The authors do not recommend following other jurisdictions’ models for advance care planning. Such models generally give a great deal of authority to health practitioners to make end-of-life decisions for patients – interpreting patient wishes, values and beliefs. These models also tend to de-emphasize informed consent to treatment and contextualized decision-making, and instead, replace them with rote recording and implementation of paper forms. Both of these facets may increase the risk of inauthentic decision-making.
In Ontario, informed consent is a process that requires communication, almost always oral, between a health practitioner and the patient or SDM. While consent can and should be recorded by the health practitioner in writing once obtained, it must always come from a contextualized discussion with the patient or SDM (if the patient is incapable) about patient’s health condition and treatment options (and not from a form).
Misinterpretations about health care consent and advance care planning may also have a disproportionate impact on patients and SDMs who are more vulnerable due to age, disability, cultural background and/or health literacy, and who may, as a result, be excluded from appropriate health care decision-making contrary to the law.
In an effort to influence both law reform in Ontario and the best practices of health care organizations and health practitioners, this Paper will explore the standards, information and supports that are statutorily mandated or voluntarily available to those creating, exercising and applying health care consent and advance care planning tools.

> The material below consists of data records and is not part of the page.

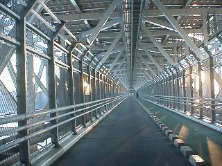 やって来ました「しまなみ海道」四国から出発して今治ICをとうり来島海峡SAからH11.5完成の来島海峡大橋を見る。 橋を渡る車の下をフェリーがゆっくりとした時間で過ぎて行く・・・ |
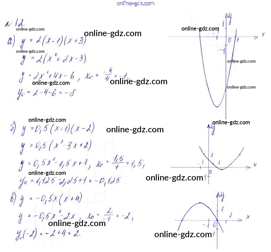 Готовые домашние задания по Алгебре за 9 класс Дидактические материалы Евстафьева, Карп 2017 - О-13. График функции y = ax2 + bx + c Обучающие работы 12
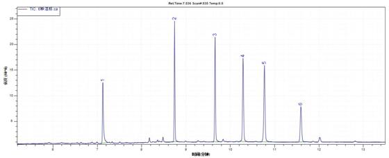 進樣口溫度:280℃;氣質接口溫度:280℃;離子源溫度:250℃;
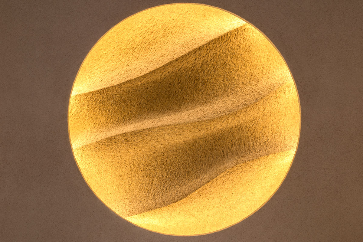 二階エレベーターホールにある円型のアートは月をイメージし満ち引きを表現しています
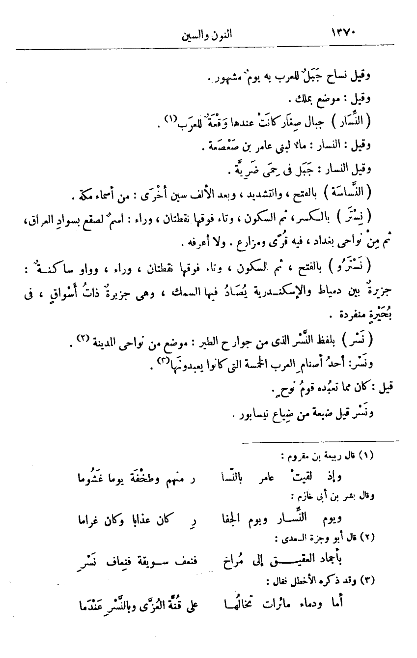 وقيل نساح جبل للعرب به يوم مشهور.
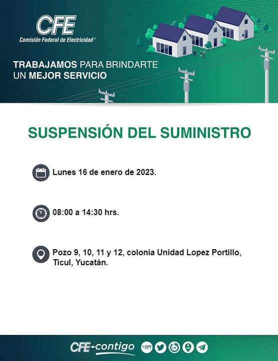 De acuerdo con lo publicado por la división peninsular de la Comisión Federal de Electricidad, la suspensión del suministro en la colonia Unidad López Portillo, en Ticul.
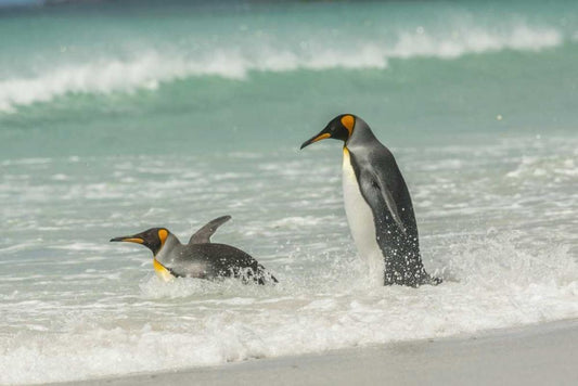 East Falkland King penguins in beach surf White Modern Wood Framed Art Print with Double Matting by Illg, Cathy and Gordon
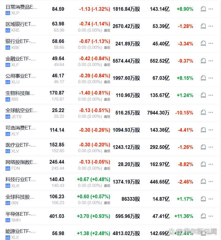 【日常消费品板块手得超1.3%,领跌美股行业ETF,能源业ETF涨约2.5%】周三(3月11日),日常消费品板块收跌1.32%,区域银行ETF、银行业ETF至少跌1.13%,金融业ETF跌0.84%,科技行业ETF则收涨0.48%,全球科技股指数ETF涨0.57%,半导体ETF涨0.93%,能源业ETF涨2.48%。
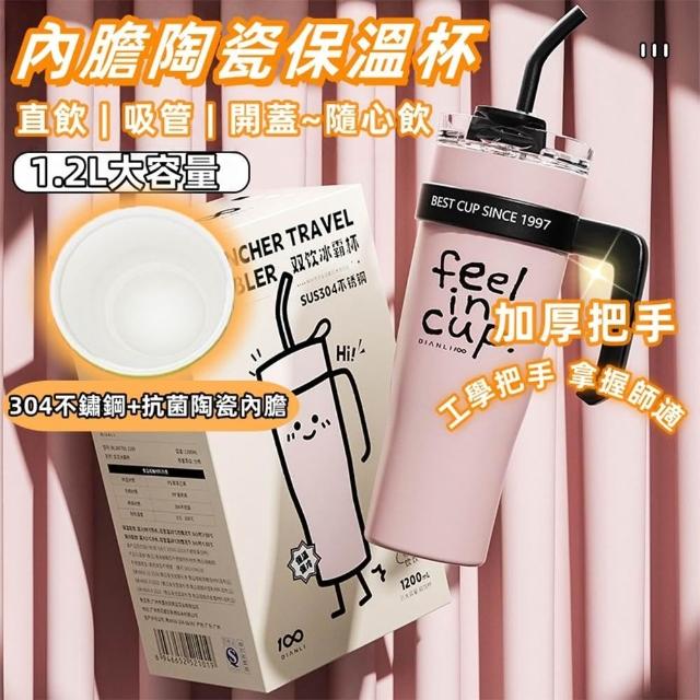 1200ml冰霸杯|陶瓷內膽不殘味|吸管直飲|防漏保溫杯
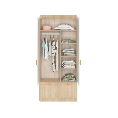 Наполнение: выдвижной ящик на шариковых направляющих глубиной 450 мм, петли с доводчиком, штанга для одежды, полки
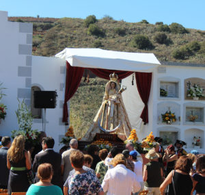 A su llegada al cementerio, fue el cantante tinerfeño Chago Melián el que recibió a la Virgen de Nuestra Señora de Los Remedios con el tradicional “Ave María”. La imagen permaneció en el recinto municipal hasta las 17:00 (tras la misa oficiada por el cura párroco de San Marcos Evangelista, Miguel Ángel Navarro Mederos), que partió de nuevo hasta la Iglesia de San Marcos Evangelista.
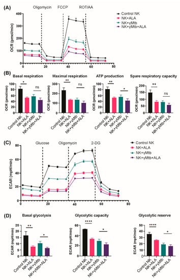 Metabolic switch to a glycolytic/energetic phenotype supports diverse NK cell functions [16,17]. We determined whether ALA treatment affects the metabolic state of γMtb-cultured NK cells. We performed a metabolic flux assay (as mentioned in the Methods section) to detect changes in the mitochondrial oxygen consumption rate (OCR) and the rate of extracellular acidification (ECAR) as measures of oxidative phosphorylation and glycolysis, respectively.
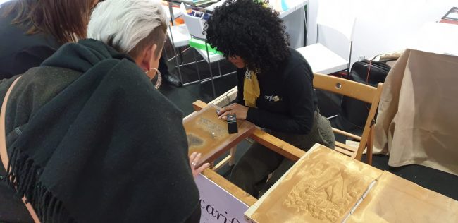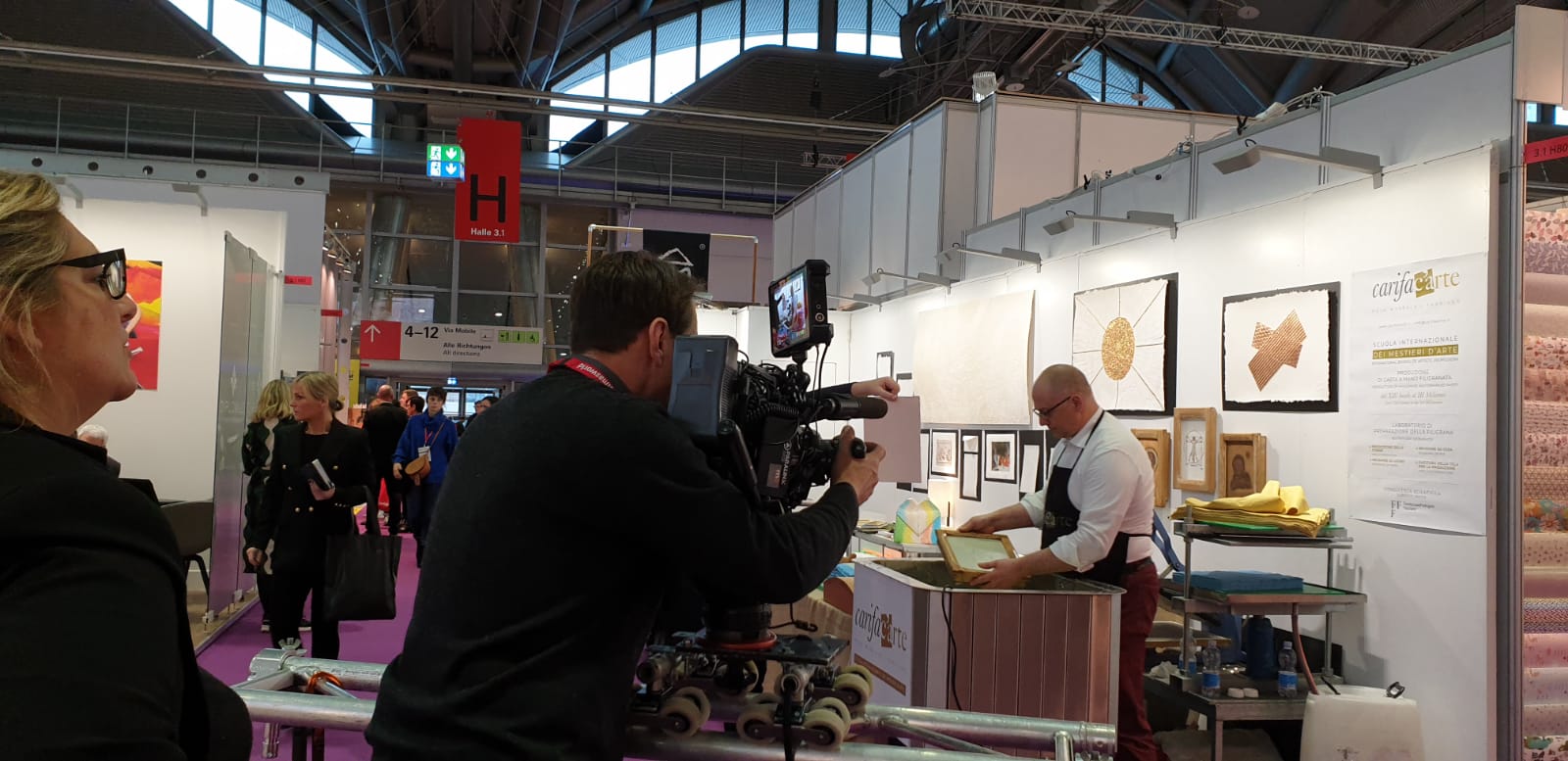 I nostri maestri cartai, Sandro Tiberi e Gilvana Maria Da Silva, hanno catturato l’attenzione delle migliaia di visitatori che dal 25 gennaio scorso hanno affollato i padiglioni a Messe, zona fieristica della città tedesca,racconta un comunicato ufficiale della Carifac’Arte. Alcuni numeri testimoniano l’importanza dell’avvenimento, che si svolge con cadenza annuale: oltre 1.600 espositori provenienti da circa 70 Paesi del mondo; oltre 35mila visitatori nella scorsa edizione provenienti da 140 nazioni. A raccontare l’Italia, fra gli altri espositori, lo stand di Carifac’Arte presente nel padiglione centrale 3.1 stand H80. Tutti i giorni produzioni dal vivo di fogli di carta e di pregiate Carte Filigranate realizzati a mano che hanno fatto dello spazio allestito all’interno della fiera di Francoforte, uno dei luoghi a più alta frequentazione di visitatori. A testimonianza di ciò, la decisione degli organizzatori della fiera di girare un video che hanno prontamente inserito nel loro sito ufficiale.
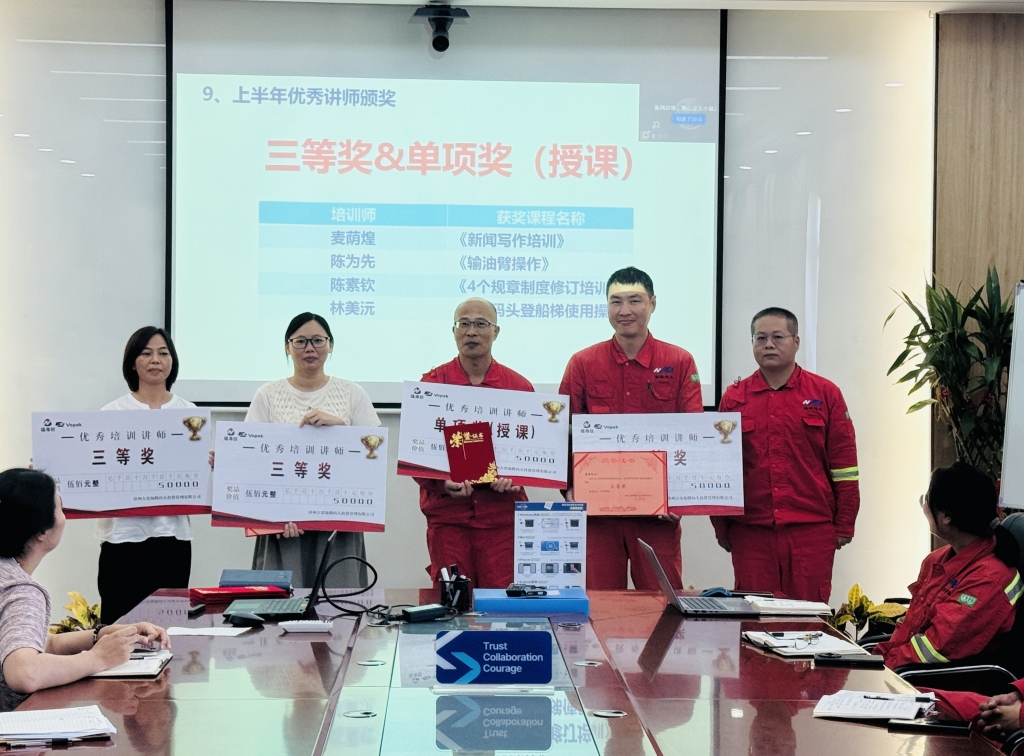 為進一步激發(fā)培訓講師隊伍活力,樹立教學標桿典范,推動公司培訓工作提質(zhì)增效,9月10日上午,海騰碼頭在中控樓二樓會議室舉行2025年上半年優(yōu)秀講師頒獎儀式。公司領導班子、各部門負責人及部分員工代表齊聚現(xiàn)場,共同見證榮譽時刻。
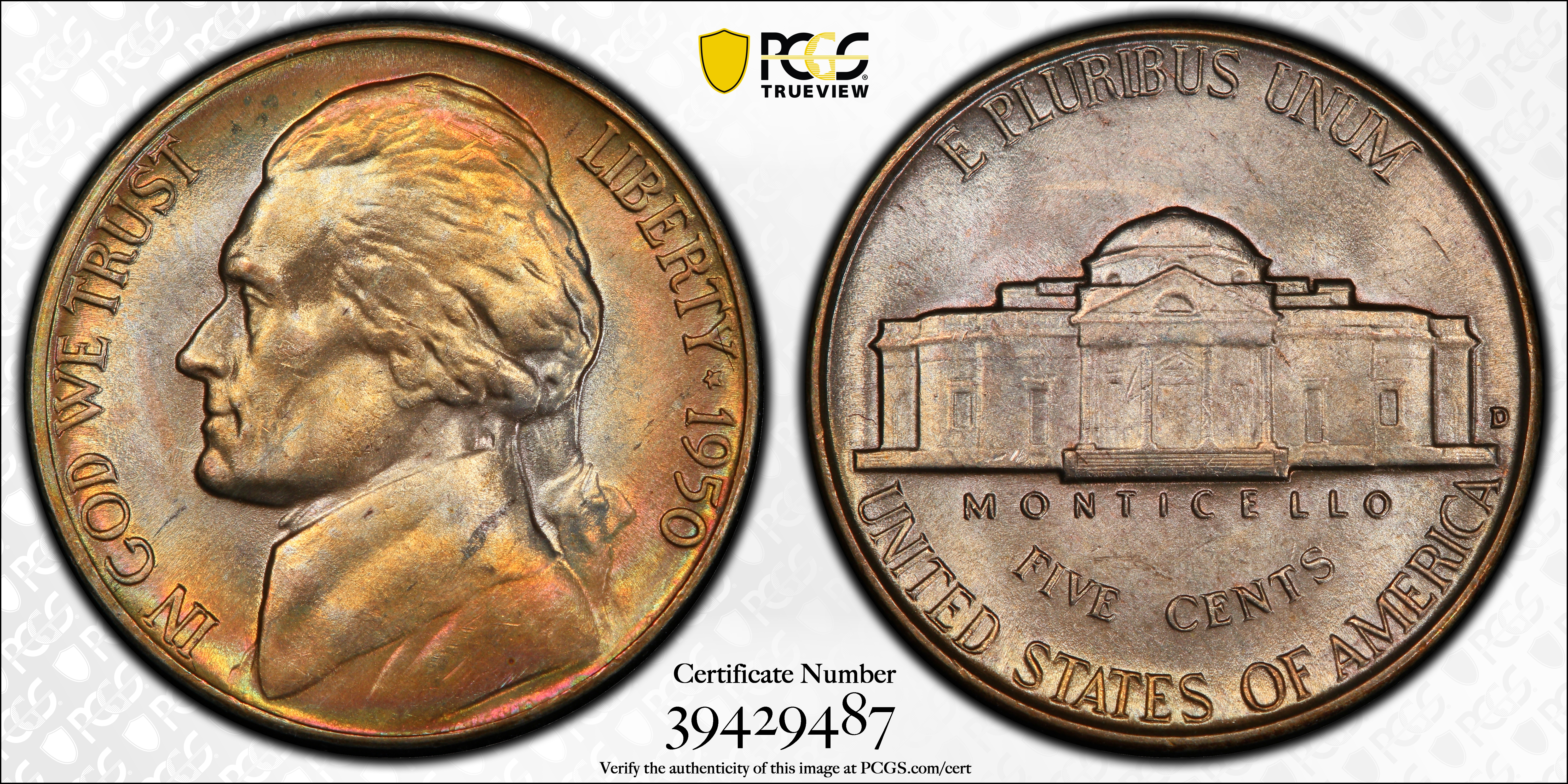 1950-D 5C MS66+ Certification #39429487, PCGS #4042
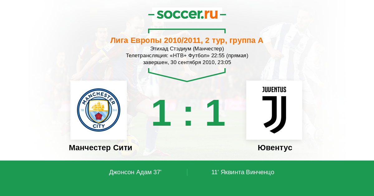 Протокол матча Манчестер Сити против Ювентус
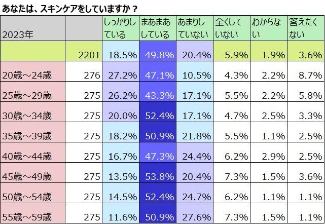 次に女性に聞いた結果を見てみます。全体では「しっかりしている」21.4%と「まあまあしている」49.9%を合わせた71.3%が「している」と答えており、昨年の「しっかりしている」21.7%「まあまあしている」49.6%の「している」71.3%と全く同率です。2023年は、「しっかりしている」18.5%「まあまあしている」49.8%「している」68.3%で横ばいと言えます。最も「している」のが多いのは、10代後半で78.4%、昨年の82%よりも少し減少しているものの10代後半が最も多いのは傾向として変わりません。女性は3年間を通して意識の変化はほとんど見られませんが、10代後半から20代前半の若年層において「しっかりしている」と答える割合が、30%を超えており、特に20代前半で27.2%から32.6%と5ポイント以上増加しており、スキンケア習慣や意識の低年齢化傾向が見られます。特に女性のスキンケア意識は、コロナ禍など大きな環境変化によるもの以外は、1年単位の調査では傾向を見ることが難しいため、細かな変化や複数年に渡る調査によって、その変化を感じることができると考えます。
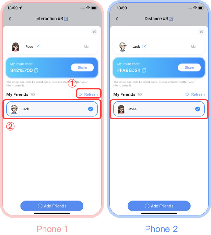 Sau khi thêm bạn bè thành công, 2 người có thể nhìn thấy nhau trong phần My Friends. Nếu không thấy tên của bạn bè/người yêu trong danh sách, hãy chạm vào Refresh để làm mới lại.
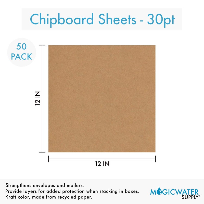 50 Chipboard Sheets 12 x 12 inch - 30pt (Point) Brown Kraft Cardboard for Scrapbooking & Picture Frame Backing (.030 Caliper Thick) Paper Board | MagicWater Supply
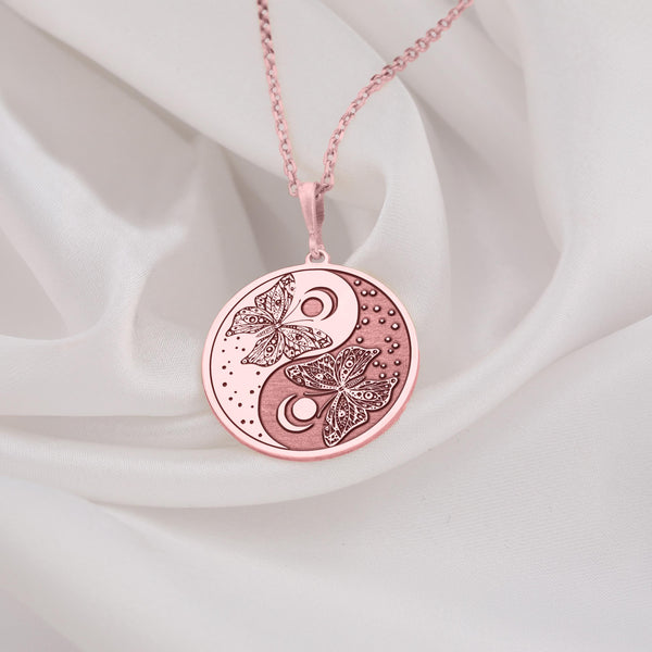 Butterfly Yin Yang Medallion Pendant is available in 14K Solid Gold, 925 Sterling Silver, 14K Gold Plated and Rose Gold Plated A perfect gift for spiritual seekers, meditation enthusiasts, and those drawn to symbols of personal evolution, this intricate coin pendant brings peaceful energy, balanced perspective, and transformational guidance. Ideal for spiritual milestones, mindfulness ceremonies, or meaningful celebrations of life's continuous changes.
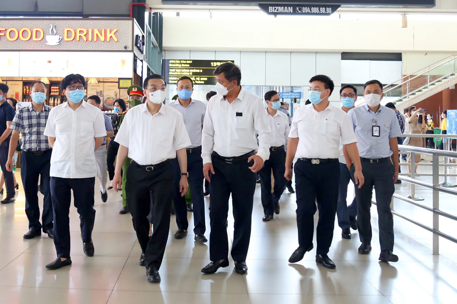 | Chủ tịch UBND thành phố Hà Nội Chu Ngọc Anh kiểm tra công tác phòng, chống dịch COVID-19 tại Sân bay quốc tế Nội Bài. |
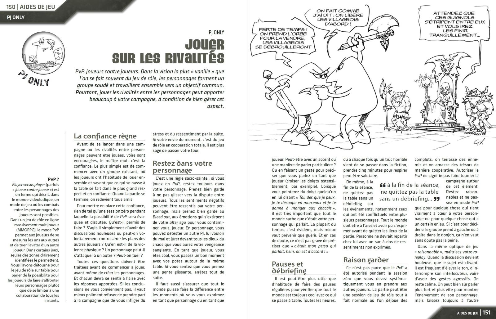 Casus, c’est aussi de nombreux articles de conseils et d’aides de jeu, tel « Jouer sur les rivalités », dans lequel Étienne Goos nous donne des pistes pour pouvoir intégrer dans nos parties des rivalités entre PJ sans risquer des prises de bec entre joueur ou plomber définitivement le déroulement de l’intrigue en cours.
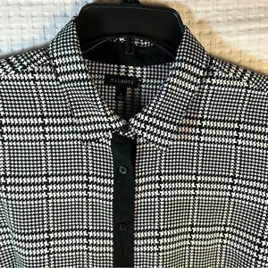 Talbots Size Large Top Popover Blouse Button Roll Tab Black White Houndstooth
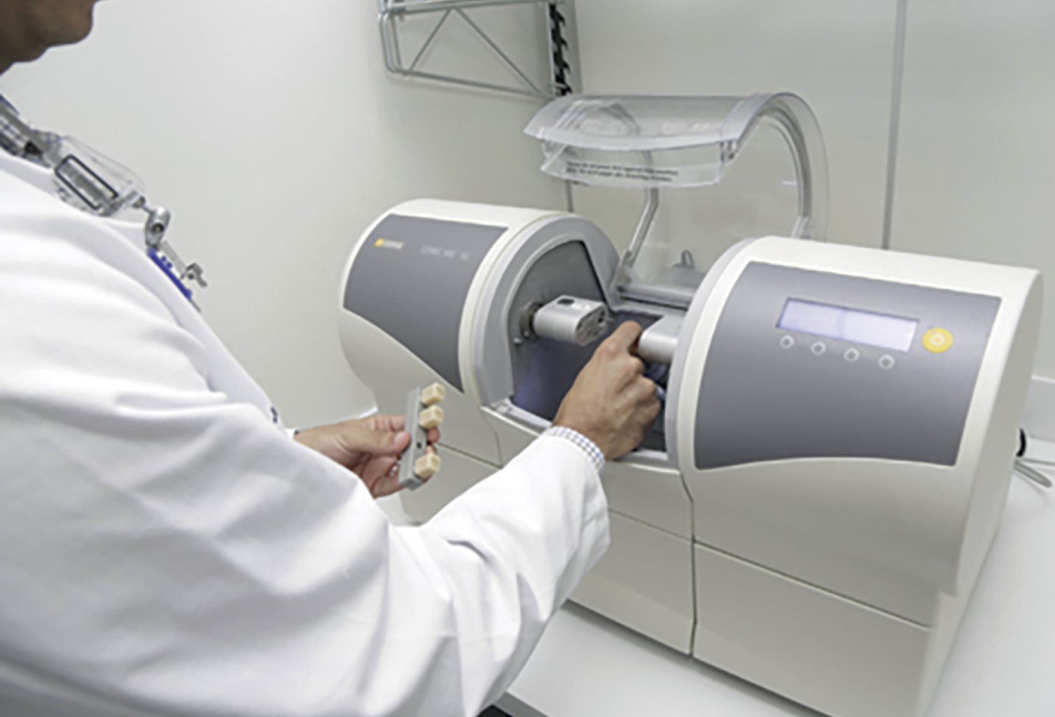 Por último, para el estudio del flujo digital está el proceso de producción o fabricación, el cual se lleva a cabo con una máquina fresadora permitiendo diseñar lo que el odontólogo indique, ya que la restauración a realizar dependerá de las necesidades del paciente al igual de la especialidad del odontólogo. Una fresadora permite crear restauraciones dentales, como son las incrustaciones, carillas, coronas, férulas oclusales, pilares/reconstrucción de implantes, etcétera. Los principales materiales que maneja este sistema son la cerámica, cromo cobalto, zirconia, resinas compuestas, titanio, PMMA (plástico termoplástico transparente), cera y PEEK (poliéter-éter-cetona).

We will also analyze the legislative schemes in select jurisdictions to contrast what is in place in Ontario, and how the laws of these jurisdictions may contribute to persistent misunderstandings of Ontario law.
B. Structure of this Paper
This Paper begins with a conceptual primer on the principle of patient autonomy followed by a factual primer on advance care planning. It then provides a comprehensive explanation of Ontario’s health care consent and substitute decision-making laws. This is followed by a discussion of how advance care planning and advance directives fit within Ontario law. We then examine the laws of other provinces and countries.
Following this review of the law, we examine how health care consent and advance care planning are operationalized in Ontario. This is done through a review of policies, procedures and the results of our focus groups with stakeholders, including representatives of seniors’ organizations, lawyers practicing in this area and health practitioners. Finally, we summarize the issues we have identified in Ontario and make recommendations for possible reform and/or education.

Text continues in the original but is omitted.